Family-owned businesses will experience a change
1. Don’t be caught unprepared
Start thinking about this stuff now, even if you’re not anticipating imminent changes. Experts estimate more than 40 percent of family-owned businesses will experience a change in ownership in any five-year period. Of those, only four percent will have a formal succession plan in place.
“In the next 10 years, about three-quarters of boomer businesses are expected to be handed over to the next generation,” Holland says. And with each successive generation, chances of continued success dwindles.
“You need to get good advice to develop a plan and execute it properly,” says Leonard Kane, president and general manager of Len’s Transportation Group in Surrey, BC. In 2008, he took over the company that his father, Len Sr., started in 1964.
“It was a baptism by fire,” he says. “The economy turned and we had to downsize the entire operation to just a few key people.”
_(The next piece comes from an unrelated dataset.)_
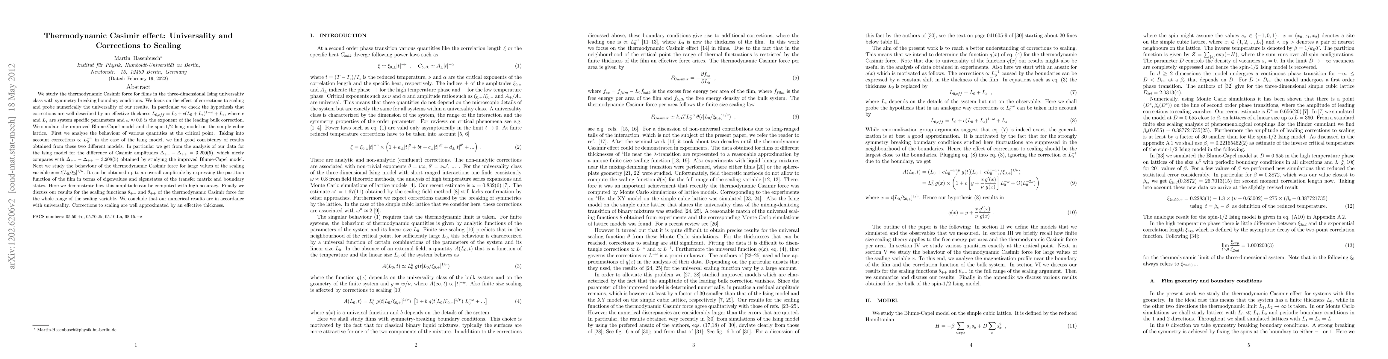We study the thermodynamic Casimir force for films in the three-dimensional Ising universality class with symmetry breaking boundary conditions. We focus on the effect of corrections to scaling and probe numerically the universality of our results. In particular we check our hypothesis that corrections are well described by an effective thickness L_{0,eff}=L_0+c (L_0+L_s)^{1-\omega} +L_s, where c and L_s are system specific parameters and \omega\approx 0.8 is the exponent of the leading bulk correction. We simulate the improved Blume-Capel model and the Ising model on the simple cubic lattice. First we analyse the behaviour of various quantities at the critical point. Taking into account corrections \propto L_0^{-\omega} in the case of the Ising model, we find good consistency of results obtained from these two different models. In particular we get from the analysis of our data for the Ising model for the difference of Casimir amplitudes \Delta_{+-}-\Delta_{++}=3.200(5), which nicely compares with \Delta_{+-}-\Delta_{++}=3.208(5) obtained by studying the improved Blume-Capel model. Next we study the behaviour of the thermodynamic Casimir force for large values of the scaling variable x=t [L_0/\xi_0]. This behaviour can be obtained up to an overall amplitude by expressing the partition function of the film in terms of eigenvalues and eigenstates of the transfermatrix and boundary states. Here we show how this overall amplitude can be computed with high accuracy. Finally we discuss our results for the scaling functions \theta_{+-} and \theta_{++} of the thermodynamic Casimir force for the whole range of the scaling variable. We conclude that our numerical results are in accordance with universality. Corrections to scaling are well approximated by an effective thickness.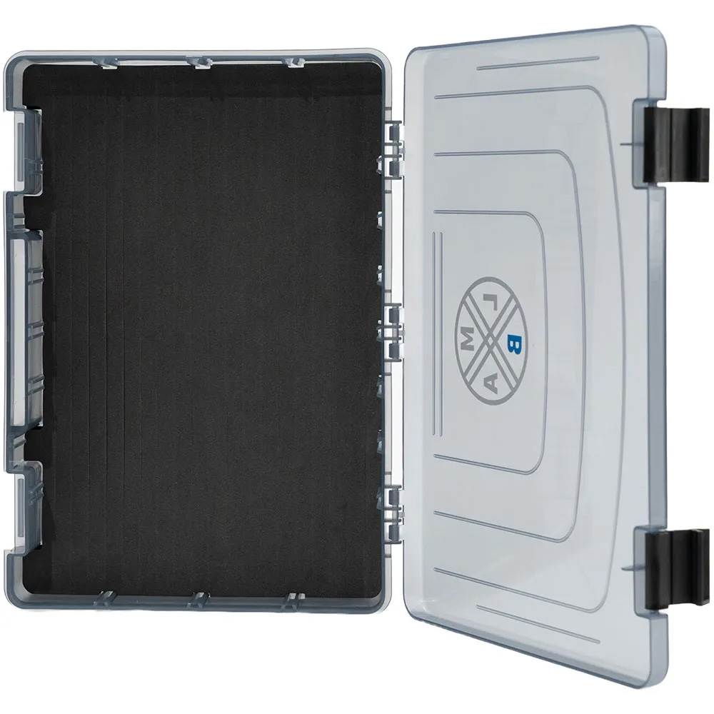 Die LMAB Tackle Box Jig & Rig ist eine in verschiedenen Versionen erhältliche Tackle Box für die Aufbewahrung von Skirted Jigs, Bladed Jigs, Shallow Rigs und Stinger. Diese Boxen haben ein großes Hauptfach mit einer geschlitzten EVA-Schaum-Einlage, in welche die Haken gedrückt werden. Das Material der Box ist hochwertiger, rauchig-grauer Kunststoff, welcher einen UV-Schutz für den Inhalt bietet. Sichere Scharnierverschlüsse sorgen dafür, dass die Boxen geschlossen bleiben, lassen sich aber bei Bedarf einfach öffnen. Je nach Variante haben die Boxen entweder eine Scharnier-Verschlussleiste oder normale Scharnier-Verschlüsse.

The company has since rebounded to field 23 trucks in the heavy-equipment hauling industry out west. Economy notwithstanding, however, the transition was relatively smooth because he and his father explored all their options and relied heavily on the advice of experts.
And he’s not done yet. He’s already looking ahead, even to the point of anticipating his own passing (though he’s only 38 years old), so his family is not hit with an unreasonable tax burden.
“Basically, you have to plan so your assets can be liquidated or easily transferred around at time of death,” he says.